By choosing to wear a ring, I became part of Team #22KILL and committed to:

  • Research and learn about my local veteran service organizations and what their missions and needs are (As a member of and Secretary and Sergeant at Arms to my local American Legion Auxiliary post this is already a part of what I do, so I am upping my game).
  • Focus on veteran strengths and challenge negative attitudes around veteran “issues”.
  • Advocate for veterans in a positive light in any platform I have. (Guess what? You are going to read about it here from time to time).
  • Raise awareness to the issues of veteran suicide, and follow up with a positive solution through education and empowerment through programs offered from local nonprofits and veteran service organizations.
  • Believe that veterans are America’s greatest asset and learning to love them and showing them that I care!!!

How can you help?

  1. Support your local American Legion and Veteran’s of Foreign Wars posts. You can find more info about the American Legion here. You can learn more about the Veteran’s of Foreign Wars here.
  2. If you quality, join and volunteer for one of the organizations. Grandmothers, mothers, sisters, wives, and direct and adopted female descendants have the option of the American Legion Auxiliary or the VFW Auxiliary. Sons or grandsons of those eligible to be American Legion members have the option of the Sons of the American Legion.
  3. Become a Veterans’ Advocate and show your support with an Honor Ring.  100% of #22KILL  donations go directly towards veteran empowerment programs through Honor Courage Commitment, Inc. (official 501c3 tax-exempt charitable organization) and other partner nonprofit organizations. The purpose is to ensure that veterans are provided with the tools and knowledge to create an actionable plan upon leaving the service. This way, veterans are less likely to fall into what we call a “downward spiral” – which can include loss of identity and self-worth, depression, and drug and alcohol abuse.

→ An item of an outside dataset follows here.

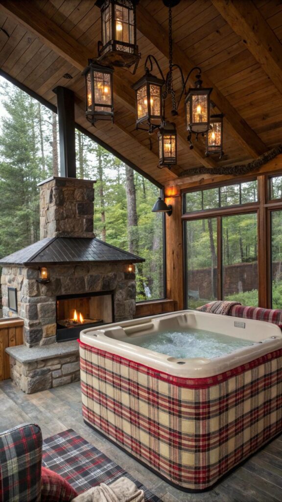 Rustic cabin aesthetics combine warm plaid patterns, wooden accents, and cozy fireplace elements. The vintage approach uses reclaimed materials and weathered finishes that develop character over time. Authentic details like lanterns and rough-hewn lumber create immersive experiences that feel like mountain retreats.
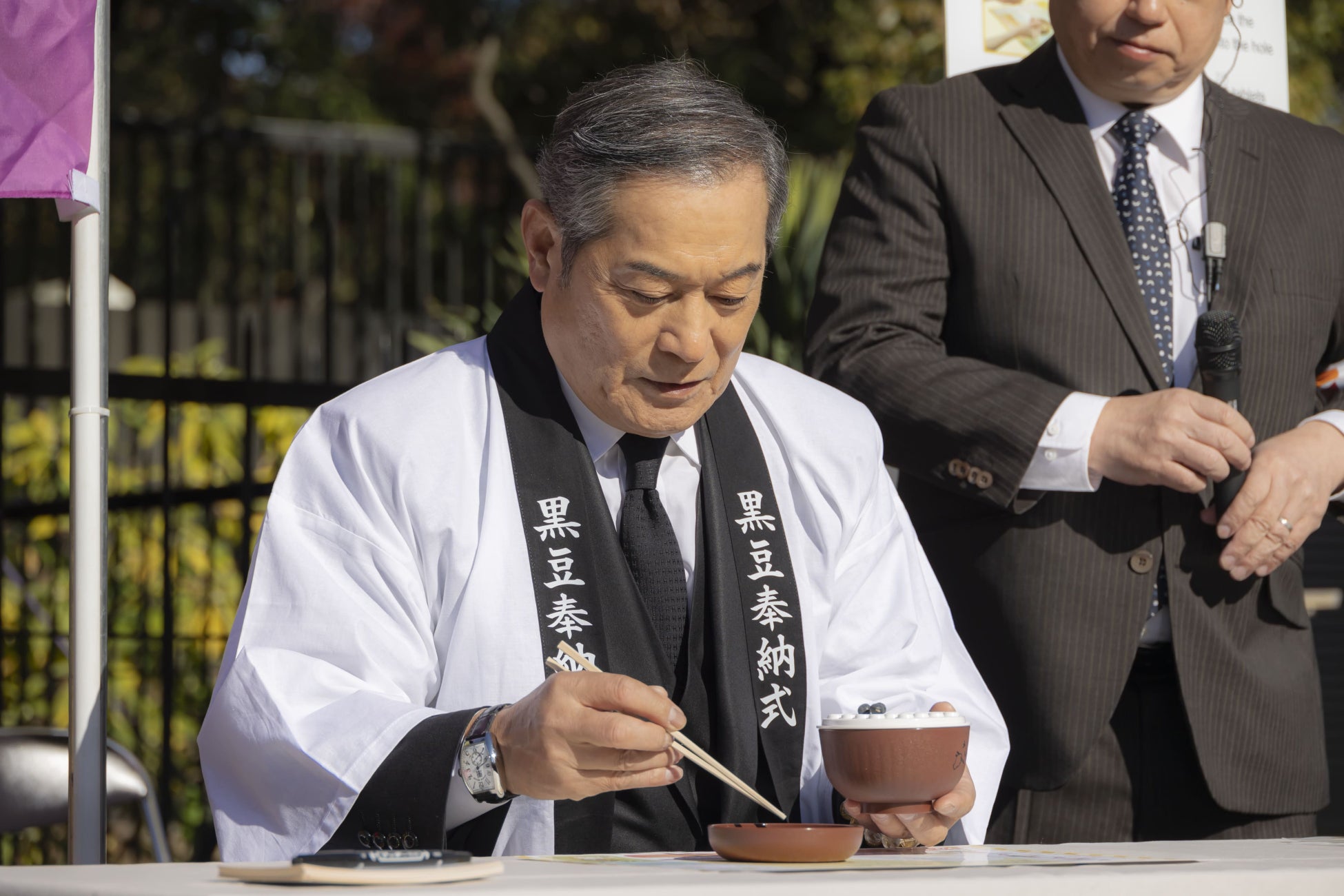 また、「黒豆奉納式」後には、今回の奉納式に合わせたお裾分けとして、上野東照宮のご参拝者を対象に「黒豆のふるまい」「黒豆つかみゲーム」を境内にて実施しました。松平健氏には、箸使いを学ぶゲーム「黒豆つかみゲーム」に参加いただき、時間内に掴めた黒豆31粒と同じ数の「黒豆のふるまい」をご参拝者に直接お渡しいただきました。実際に松平健氏からふるまいを受けたご参拝者の方からは「まさか松平さんから直接ふるまっていただけるとは思わなかった」と喜びの声も聞こえました。

My membership to and participation in my local American Legion Auxiliary post is my way of supporting those who served to protect the freedoms I enjoy today. In the spirit of Service, Not Self, it is the mission of the American Legion Auxiliary to support The American Legion and to honor the sacrifice of those who serve by enhancing the lives of our veterans, military, and their families, both at home and abroad. For God and Country, we advocate for veterans, educate our citizens, mentor youth, and promote patriotism, good citizenship, peace and security.

Will you join me in supporting and honoring those who serve?